Лев пьяно замотал рукой с поднятым вверх указательным пальцем. В это самое время Гладышев хотел как раз поинтересоваться, почему редактор взялся бороться за его роман, и кто будет его противниками, но тот не дал ему и рта раскрыть.
– У тебя объём какой?
– Четыреста пятьдесят где-то.
– Ну-у, то никуда не годится. Надо раза в два сократить.
– В два раза?
– Конечно. Конечно! Ты посмотри, сколько там у тебя воды. Ты, кстати, не психолог по профессии?
– По профессии – нет, – смутился Гладышев, – но, вообще-то, в чужих мыслях разобраться могу.
– Вот, то-то оно и видно. У тебя там слишком много рассуждений всяких и переживаний. Нет, всё это, конечно, хорошо, но ты же не граф Толстой!

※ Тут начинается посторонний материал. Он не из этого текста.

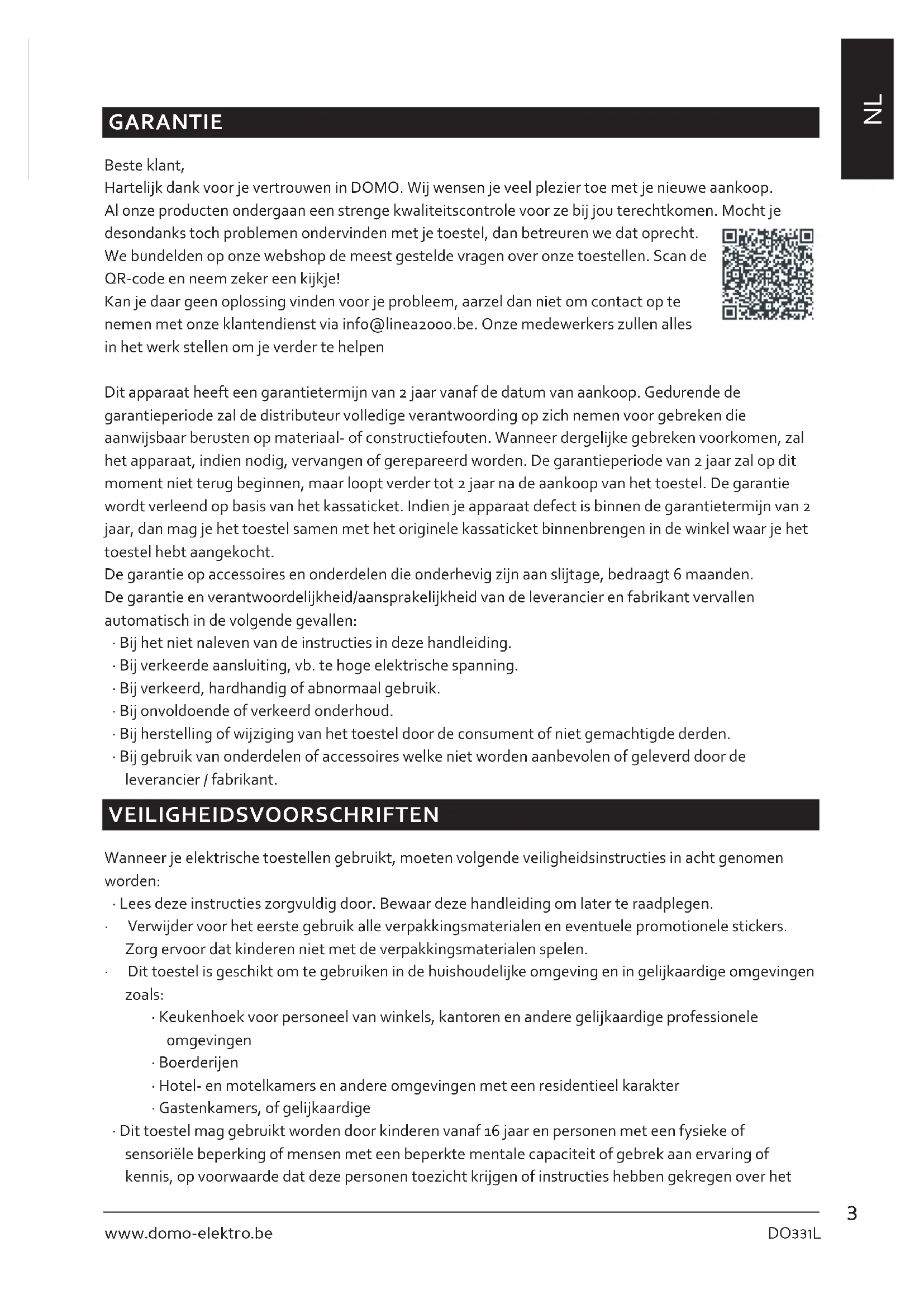 GEBRUIKSAANWIJZING DO331L DOMO

Гости редактора дружно рассмеялись. Гладышев почувствовал, как покраснел, и поспешил оправдаться:
– Нет, конечно, не граф.
Беседа незаметно приняла для него столь нелестный оборот, что он уже и сам был не рад, что пришёл сюда. «Насчёт Толстого, это ты, конечно зря, – думал он, окидывая Льва взглядом, полным ненависти, и натужено-неловко улыбаясь: он, как и всякий другой „настоящий“ писатель, не мог терпеть сравнения с другими, да и полагал, что если ему удасться осуществить задуманное, то то его произведение будет значительнее „Войны и мира“ и, уж во всяком случае, не будет ни в чём ему уступать…»

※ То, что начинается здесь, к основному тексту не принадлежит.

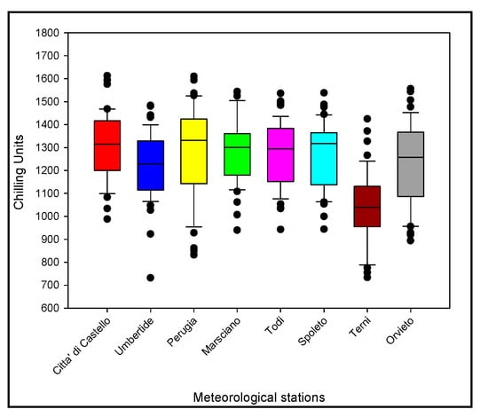 In Figure 4, the box plots of chilling units per station were reported. Figure S2 shows the chilling units per year. The chilling accumulation was, on average, over 1200 CU for each station, with a median value of 1300 CU. The minimum value of 988 CU was recorded in the year 2015 for Città di Castello station (Figure S2) and 734 CU in 2001 for Terni station. On the other hand, in the stations of Marsciano, Orvieto, Perugia, Spoleto, Todi, and Umbertide, the lowest chilling accumulation was recorded in 2020, respectively, as 940 CU, 894 CU, 832 CU, 944 CU, 943 CU, and 732 CU.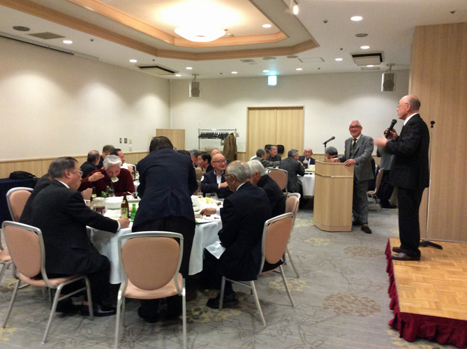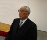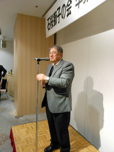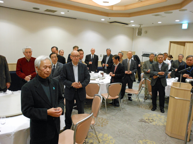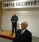 | 恩師や同級生の物故者に黙祷を捧げたのち明戸均会長の挨拶、沼田先生の祝辞があり |

– А у тебя что, машинка есть? – поинтересовался Алексей Петрович.
– Да, – закивал головой Гладышев, тут же вспомнив, что машинки уже нет, что она погибла во время пожара.
– Какая, механическая или электрическая?
– Электрическая.
– Советская?
– Ага. «Ивица», знаешь такую?
– Знаю, – махнул рукой Алексей Петрович. – Дрянь!

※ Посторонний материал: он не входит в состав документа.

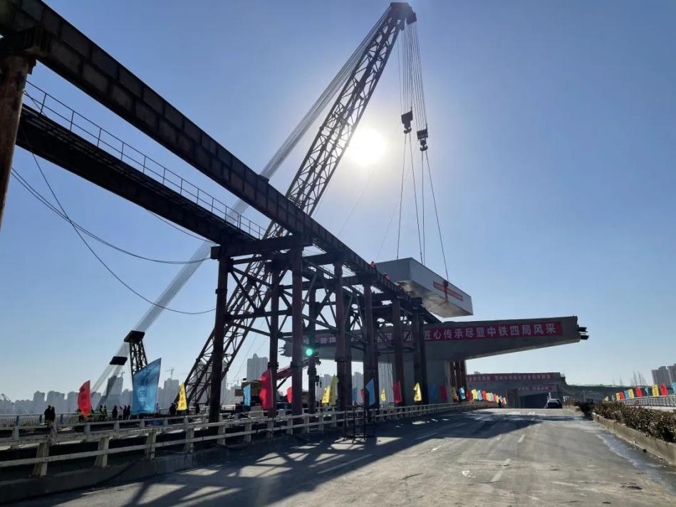 跨古運(yùn)河鋼箱梁橋施工是項(xiàng)目的重難點(diǎn)。為了確保此次吊裝順利完成,項(xiàng)目部成功解決了35KV高壓遷改、老橋下部結(jié)構(gòu)施工空間受限、橋位西側(cè)揚(yáng)州閘導(dǎo)流墩對吊裝設(shè)備站影響、老橋上不能搭設(shè)臨時(shí)支架、鋼梁兩側(cè)混凝土箱梁同時(shí)施工等多重困難,對現(xiàn)場施工人員進(jìn)行安全技術(shù)交底,及時(shí)清除承臺冰雪,做好冬季防護(hù)措施。

– Это почему же? – обиделся Гладышев. – Маленькая, удобная…
– Шумит очень. Работать на ней тяжело. Ты что, сам на ней печатаешь?
– Сам.
– И быстро?
– Достаточно. Тремя пальцами на каждой руке. Правда, не в слепую, но, всё же, лист за двадцать минут – укладываюсь.
– И ты что же, прямо с головы на машинку придумываешь? – вмешался в разговор Лев.
– Да нет, сначала на черновике пишу, в тетрадках.
– У-у-у, это долго, – покачал головой Алексей Петрович. – Сначала нацарапай, а потом перепечатай. Вон, я как-то статью читал про Маркеса, бразильского писателя.
– Это не тот, что «Сто лет одиночества» написал? Габриэль Гарсиа Маркес.
– Ага, он самый. Так вот, он книжки свои пишет на компьютере, и в редакцию отсылает на дискете. Там только в издательский комплекс остаётся заложить, и он сразу начинает книги штамповать. Вот это здорово!
– Ну-у, нам до такого лет сто ещё надо жить! – отмахнулся от него Лев. – Давай, лучше, выпьем!
Он потянулся к бутылке, но она уже была пуста.
– Да, если бы у меня был компьютер, то я бы уже столько написал, – мечтательно и наивно произнёс Гладышев. – Знаешь, сколько у меня в голове всяких историй и задумок? На десять томов хватило бы.
Его, однако, уже никто не слушал. Присутствующие заметили, что пить больше нечего, и всё их внимание было приковано теперь только лишь к этой проблеме.
– Пойдёмте в нашу столовую, – предложил, наконец, Лев Васильевич своим гостям. – Там сегодня вино привозили в трёхлитровых банках. Правда, оно мутное, сука, как компот, вот его никто и не берёт. А нам оно как раз будет добавить. Ты посидишь здесь?